Great achievement has been made in the study of emerging respiratory infectious diseases by State Key Laboratory of Respiratory Disease over the ten years. In 2003, State Key Laboratory of Respiratory Disease first confirmed the pathogen of SARS in Guangdong, later discovered its immune inflammatory mechanisms, established early diagnosing method and put forward three major principles for treatment. Its suggestion of strict control over wildlife markets effectively prevented the reoccurrence of SARS. In 2006, the year of avian influenza, State Key Laboratory of Respiratory Disease presided over the establishment of Guangzhou Cooperation Center for the Prevention and Control of Avian Influenza and swiftly developed the drugs, Oseltamivir and Zanamivir. The respiratory pathogen detecting technique based on the technique of fluorescent quantitative PCR has been invented, particularly, the portable isothermal pathogen detecting system.
How to cope with the emerging respiratory infectious diseases? The State Key Laboratory of Respiratory Disease has explored how to rapidly design and construct antigen (with reverse genetics, Ad-GFP) without pathogen. If there exist convalescents, we can quickly screen humanized monoclonal neutralizing antibody by B-cell clone, high-throughput sequencing, or phage display, etc. If there are no or not enough convalescents, we can first immunize macaque, then quickly screen and manufacture the monoclonal neutralizing antibody from macaque by B-cell clone, high-throughput sequencing, and phage display, etc. Multiple clinical studies prove that “Human- macaque chimeric mAbs galiximab (IDEC-114, anti-CD80) and lumiliximab (IDEC-152, anti-CD23), in which the VH and VL from cynomolgous macaques were fused with human constant regions.
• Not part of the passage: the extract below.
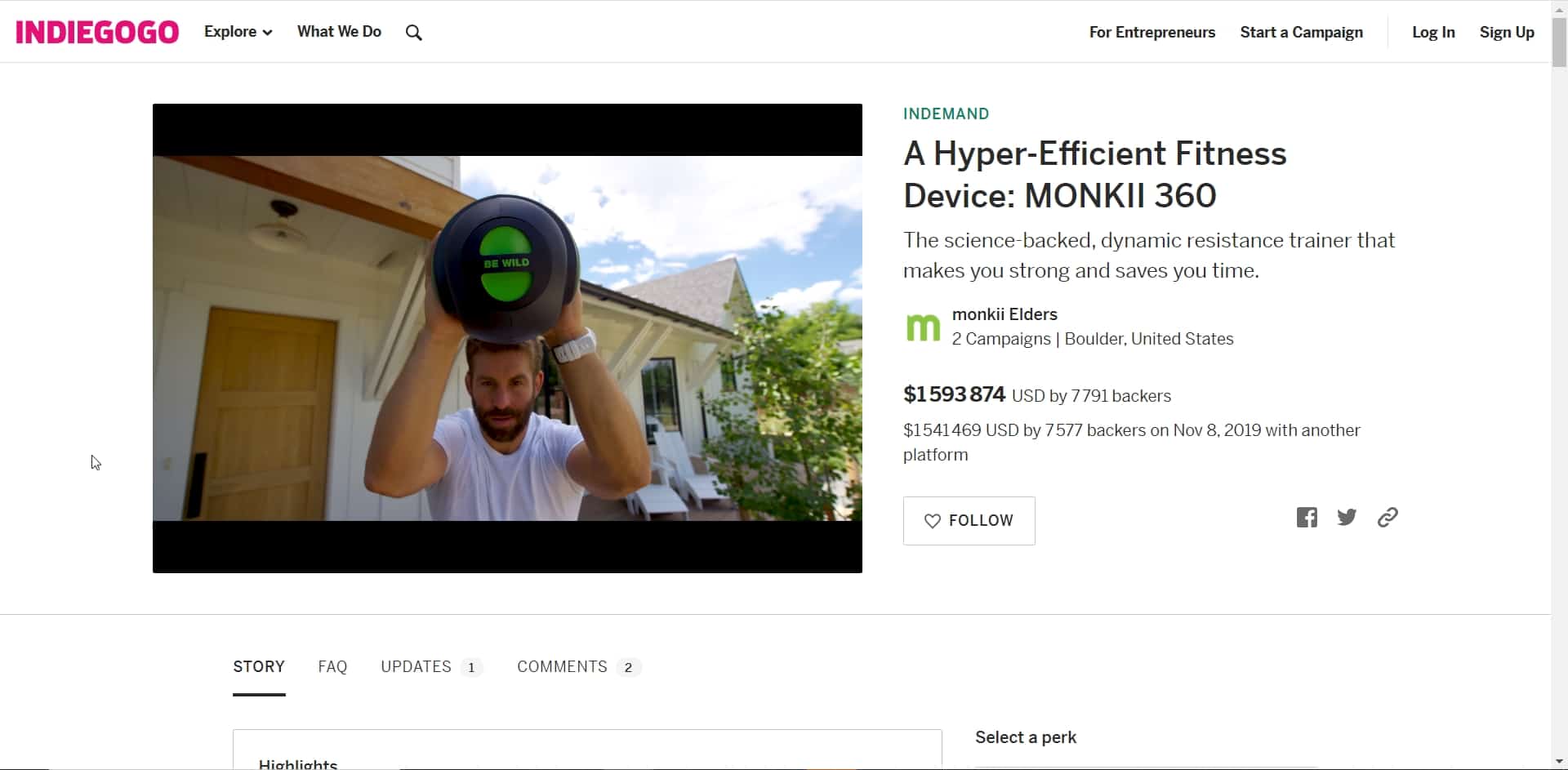 Idéales pour montrer le produit en action, comme cette vidéo d’un équipement de sport, présenté sur la page Indiegogo du fabricant.

In the clinical studies of phase I and II, no human anti-galiximab or anti-lumiliximab antibodies were detected in humans.” (Leonard JP, Friedberg JW, Younes A, Fisher D, Gordon L, et al. 2007; Rosenwasser LJ, Busse WW, Lizambri RG, Olejnik TA, Totoritis MC, et al. 2003) Hence, after production and preparation, humanized monoclonal antibody could be available to large numbers of people, which is significant in a massive outbreak of emerging respiratory infectious diseases. Macaque antiserum can be used for emergency after sterilization by radiation or chemical means.
As for the study on the H7N9, State Key Laboratory of Respiratory Disease has made the influenza vaccine of H7N7 (A/Netherlands/219/2003) PR8, and Replication-deficient adenovirus vector Ad5-H7N7. The HA sequence of H7N7 (A/Netherlands/219/2003) and that of H7N9 are 96% identical.
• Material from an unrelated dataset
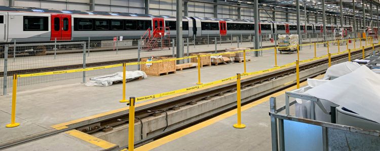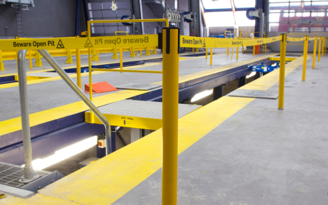 Tensator offers a selection of high visibility retractable webbing posts to improve visual safety protection around service pits, at train and bus depots.

The anti-HA7 serum has already been produced from immunized mice. Its antibody can neutralize the H7N7 virus. Because of its 96% similarity, it must be able to identify H7N9. The anti-HA7 serum is readily available to the researches in need (Figure 6).
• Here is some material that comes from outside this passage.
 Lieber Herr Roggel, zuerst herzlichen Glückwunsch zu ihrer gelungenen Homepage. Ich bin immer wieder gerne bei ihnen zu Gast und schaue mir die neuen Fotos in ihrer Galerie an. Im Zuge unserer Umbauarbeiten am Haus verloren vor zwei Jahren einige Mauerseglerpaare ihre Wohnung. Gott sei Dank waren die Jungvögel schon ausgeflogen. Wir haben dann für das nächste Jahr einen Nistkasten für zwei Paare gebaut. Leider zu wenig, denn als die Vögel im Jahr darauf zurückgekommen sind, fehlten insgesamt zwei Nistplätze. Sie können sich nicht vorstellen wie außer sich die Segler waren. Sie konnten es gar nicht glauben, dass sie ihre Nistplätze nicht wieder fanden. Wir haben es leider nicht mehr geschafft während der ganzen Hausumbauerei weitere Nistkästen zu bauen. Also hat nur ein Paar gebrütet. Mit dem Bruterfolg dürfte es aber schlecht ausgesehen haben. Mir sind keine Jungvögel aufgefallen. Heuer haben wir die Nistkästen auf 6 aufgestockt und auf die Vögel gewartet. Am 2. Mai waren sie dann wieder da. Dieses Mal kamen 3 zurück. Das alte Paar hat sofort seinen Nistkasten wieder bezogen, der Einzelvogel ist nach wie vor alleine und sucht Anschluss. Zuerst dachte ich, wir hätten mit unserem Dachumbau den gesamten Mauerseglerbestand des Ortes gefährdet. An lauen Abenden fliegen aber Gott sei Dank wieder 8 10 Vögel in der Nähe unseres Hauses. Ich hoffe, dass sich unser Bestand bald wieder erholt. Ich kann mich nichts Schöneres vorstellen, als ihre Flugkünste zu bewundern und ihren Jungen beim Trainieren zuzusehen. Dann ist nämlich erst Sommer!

The molecular mechanism by which highly pathogenic H5N1 and SARS CoV lead to acute lung injury
Keynote speaker: Chenyu Jiang
Director, Department of Biochemistry and Molecular Biology, Beijing Union Medical College, Researcher, Basic Medical Research Institute of Chinese Academy of Medical Science.
The emerging infectious diseases (e.g., SARS-CoV, H5N1, H1N1) infect people’s respiratory system and then lead to Acute Lung Injury and Acute Respiratory Distress Syndrome. Based on the clinical phenomena, our research group conducts researches at patient, animal and molecular levels, explaining its pathogenesis, so as to develop possible drugs for clinical prevention and treatment and promote the study of translational medicine.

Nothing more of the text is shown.